**Assignment:**
Reproduce the entries shown below only from the line with "We study the" down to the line with "此圖表根據你所有比賽成績計算", keeping both end lines and copying each one exactly.

■ ■ ■ ■

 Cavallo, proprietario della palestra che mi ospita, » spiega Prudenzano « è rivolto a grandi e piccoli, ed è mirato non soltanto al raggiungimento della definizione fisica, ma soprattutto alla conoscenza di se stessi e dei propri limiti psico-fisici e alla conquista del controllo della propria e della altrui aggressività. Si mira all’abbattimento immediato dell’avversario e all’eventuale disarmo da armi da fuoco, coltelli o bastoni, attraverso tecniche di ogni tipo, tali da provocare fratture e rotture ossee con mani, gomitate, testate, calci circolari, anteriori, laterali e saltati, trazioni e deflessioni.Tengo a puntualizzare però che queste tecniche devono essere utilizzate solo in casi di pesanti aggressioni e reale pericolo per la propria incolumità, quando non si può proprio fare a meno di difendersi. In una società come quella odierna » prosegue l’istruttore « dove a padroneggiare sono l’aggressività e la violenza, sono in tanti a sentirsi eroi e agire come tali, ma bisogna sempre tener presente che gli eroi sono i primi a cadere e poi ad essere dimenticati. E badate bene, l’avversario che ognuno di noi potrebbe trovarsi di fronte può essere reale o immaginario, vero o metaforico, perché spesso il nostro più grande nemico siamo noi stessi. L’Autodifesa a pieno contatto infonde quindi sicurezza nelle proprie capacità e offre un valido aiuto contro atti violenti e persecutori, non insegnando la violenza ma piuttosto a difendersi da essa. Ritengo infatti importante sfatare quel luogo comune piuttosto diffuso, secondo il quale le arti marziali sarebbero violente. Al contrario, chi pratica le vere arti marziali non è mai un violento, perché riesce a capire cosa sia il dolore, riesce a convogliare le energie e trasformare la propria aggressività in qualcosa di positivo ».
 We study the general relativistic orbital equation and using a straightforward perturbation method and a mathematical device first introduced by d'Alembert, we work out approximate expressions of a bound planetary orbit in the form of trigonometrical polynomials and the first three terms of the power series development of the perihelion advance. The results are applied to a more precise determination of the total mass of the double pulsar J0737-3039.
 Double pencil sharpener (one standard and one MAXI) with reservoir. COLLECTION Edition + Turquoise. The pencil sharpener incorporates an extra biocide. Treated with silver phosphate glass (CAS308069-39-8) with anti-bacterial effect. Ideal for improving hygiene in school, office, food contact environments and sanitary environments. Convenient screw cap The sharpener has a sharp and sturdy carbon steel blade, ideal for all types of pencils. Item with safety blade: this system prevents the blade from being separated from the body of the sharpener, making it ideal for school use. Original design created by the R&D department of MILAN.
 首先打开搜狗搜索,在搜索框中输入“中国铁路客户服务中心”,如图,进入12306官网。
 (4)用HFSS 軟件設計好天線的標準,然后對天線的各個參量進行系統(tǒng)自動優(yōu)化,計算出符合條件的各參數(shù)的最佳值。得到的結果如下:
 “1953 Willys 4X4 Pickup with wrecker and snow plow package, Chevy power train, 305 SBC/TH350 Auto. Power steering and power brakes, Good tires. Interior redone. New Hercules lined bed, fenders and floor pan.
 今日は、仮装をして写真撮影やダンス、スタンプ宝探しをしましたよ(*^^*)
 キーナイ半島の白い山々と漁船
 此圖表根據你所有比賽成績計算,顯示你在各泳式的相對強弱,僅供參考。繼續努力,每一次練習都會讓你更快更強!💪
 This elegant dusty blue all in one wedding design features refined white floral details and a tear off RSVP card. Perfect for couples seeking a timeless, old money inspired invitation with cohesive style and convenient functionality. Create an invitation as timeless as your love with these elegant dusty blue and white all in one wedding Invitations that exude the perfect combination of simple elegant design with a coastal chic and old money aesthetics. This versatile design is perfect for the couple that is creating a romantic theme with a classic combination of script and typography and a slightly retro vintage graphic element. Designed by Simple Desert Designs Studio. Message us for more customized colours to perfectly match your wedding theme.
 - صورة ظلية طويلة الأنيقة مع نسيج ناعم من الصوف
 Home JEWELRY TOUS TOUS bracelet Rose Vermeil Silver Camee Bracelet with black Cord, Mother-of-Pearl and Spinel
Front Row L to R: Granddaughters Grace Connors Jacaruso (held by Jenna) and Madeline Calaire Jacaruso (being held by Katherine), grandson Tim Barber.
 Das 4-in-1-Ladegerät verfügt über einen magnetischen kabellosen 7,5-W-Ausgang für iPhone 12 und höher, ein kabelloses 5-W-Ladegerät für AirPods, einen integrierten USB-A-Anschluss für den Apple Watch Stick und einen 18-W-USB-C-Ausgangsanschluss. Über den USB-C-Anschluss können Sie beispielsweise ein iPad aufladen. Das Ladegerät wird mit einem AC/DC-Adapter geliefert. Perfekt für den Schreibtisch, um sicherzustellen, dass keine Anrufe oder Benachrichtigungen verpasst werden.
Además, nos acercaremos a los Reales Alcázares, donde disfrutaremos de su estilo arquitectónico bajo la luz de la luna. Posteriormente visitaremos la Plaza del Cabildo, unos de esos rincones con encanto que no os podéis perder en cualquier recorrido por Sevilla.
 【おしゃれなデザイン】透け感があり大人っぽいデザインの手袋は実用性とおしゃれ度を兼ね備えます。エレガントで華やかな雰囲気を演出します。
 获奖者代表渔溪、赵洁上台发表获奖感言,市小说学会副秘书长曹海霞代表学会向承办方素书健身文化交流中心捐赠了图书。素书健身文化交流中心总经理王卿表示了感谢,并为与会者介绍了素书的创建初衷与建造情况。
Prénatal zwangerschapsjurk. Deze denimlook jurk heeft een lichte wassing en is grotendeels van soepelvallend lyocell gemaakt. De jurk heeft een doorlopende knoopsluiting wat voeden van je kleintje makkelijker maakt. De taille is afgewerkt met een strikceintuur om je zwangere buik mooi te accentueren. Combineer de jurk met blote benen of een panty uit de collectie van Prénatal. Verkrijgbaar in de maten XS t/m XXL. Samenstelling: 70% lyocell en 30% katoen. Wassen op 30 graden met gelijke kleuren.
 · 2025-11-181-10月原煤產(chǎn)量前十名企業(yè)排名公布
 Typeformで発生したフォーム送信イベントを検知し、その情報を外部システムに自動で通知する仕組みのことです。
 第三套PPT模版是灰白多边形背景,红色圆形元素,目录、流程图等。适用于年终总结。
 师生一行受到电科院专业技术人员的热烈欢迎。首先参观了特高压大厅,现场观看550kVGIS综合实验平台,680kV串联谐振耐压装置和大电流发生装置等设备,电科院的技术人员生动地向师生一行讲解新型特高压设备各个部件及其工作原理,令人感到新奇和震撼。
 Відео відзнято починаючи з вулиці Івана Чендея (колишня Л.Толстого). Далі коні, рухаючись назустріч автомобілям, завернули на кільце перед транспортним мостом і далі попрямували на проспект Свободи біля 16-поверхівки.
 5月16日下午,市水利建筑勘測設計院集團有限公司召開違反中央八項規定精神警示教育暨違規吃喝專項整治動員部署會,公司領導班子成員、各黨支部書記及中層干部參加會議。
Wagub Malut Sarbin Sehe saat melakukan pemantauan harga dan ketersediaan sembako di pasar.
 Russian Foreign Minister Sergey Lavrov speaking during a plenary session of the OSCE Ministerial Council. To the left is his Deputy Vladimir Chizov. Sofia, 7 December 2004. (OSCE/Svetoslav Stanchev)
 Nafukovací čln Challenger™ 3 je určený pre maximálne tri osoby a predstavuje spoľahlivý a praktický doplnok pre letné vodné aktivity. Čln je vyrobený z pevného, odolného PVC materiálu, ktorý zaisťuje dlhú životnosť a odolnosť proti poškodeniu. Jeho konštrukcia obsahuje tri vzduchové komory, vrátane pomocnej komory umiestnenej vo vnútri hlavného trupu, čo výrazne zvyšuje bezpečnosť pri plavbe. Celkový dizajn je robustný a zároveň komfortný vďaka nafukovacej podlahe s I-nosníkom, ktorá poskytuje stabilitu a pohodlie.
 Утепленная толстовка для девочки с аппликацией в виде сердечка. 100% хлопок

■ ■ ■ ■

**Output of the exercise:**
 We study the general relativistic orbital equation and using a straightforward perturbation method and a mathematical device first introduced by d'Alembert, we work out approximate expressions of a bound planetary orbit in the form of trigonometrical polynomials and the first three terms of the power series development of the perihelion advance. The results are applied to a more precise determination of the total mass of the double pulsar J0737-3039.
 Double pencil sharpener (one standard and one MAXI) with reservoir. COLLECTION Edition + Turquoise. The pencil sharpener incorporates an extra biocide. Treated with silver phosphate glass (CAS308069-39-8) with anti-bacterial effect. Ideal for improving hygiene in school, office, food contact environments and sanitary environments. Convenient screw cap The sharpener has a sharp and sturdy carbon steel blade, ideal for all types of pencils. Item with safety blade: this system prevents the blade from being separated from the body of the sharpener, making it ideal for school use. Original design created by the R&D department of MILAN.
 首先打开搜狗搜索,在搜索框中输入“中国铁路客户服务中心”,如图,进入12306官网。
 (4)用HFSS 軟件設計好天線的標準,然后對天線的各個參量進行系統(tǒng)自動優(yōu)化,計算出符合條件的各參數(shù)的最佳值。得到的結果如下:
 “1953 Willys 4X4 Pickup with wrecker and snow plow package, Chevy power train, 305 SBC/TH350 Auto. Power steering and power brakes, Good tires. Interior redone. New Hercules lined bed, fenders and floor pan.
 今日は、仮装をして写真撮影やダンス、スタンプ宝探しをしましたよ(*^^*)
 キーナイ半島の白い山々と漁船
 此圖表根據你所有比賽成績計算,顯示你在各泳式的相對強弱,僅供參考。繼續努力,每一次練習都會讓你更快更強!💪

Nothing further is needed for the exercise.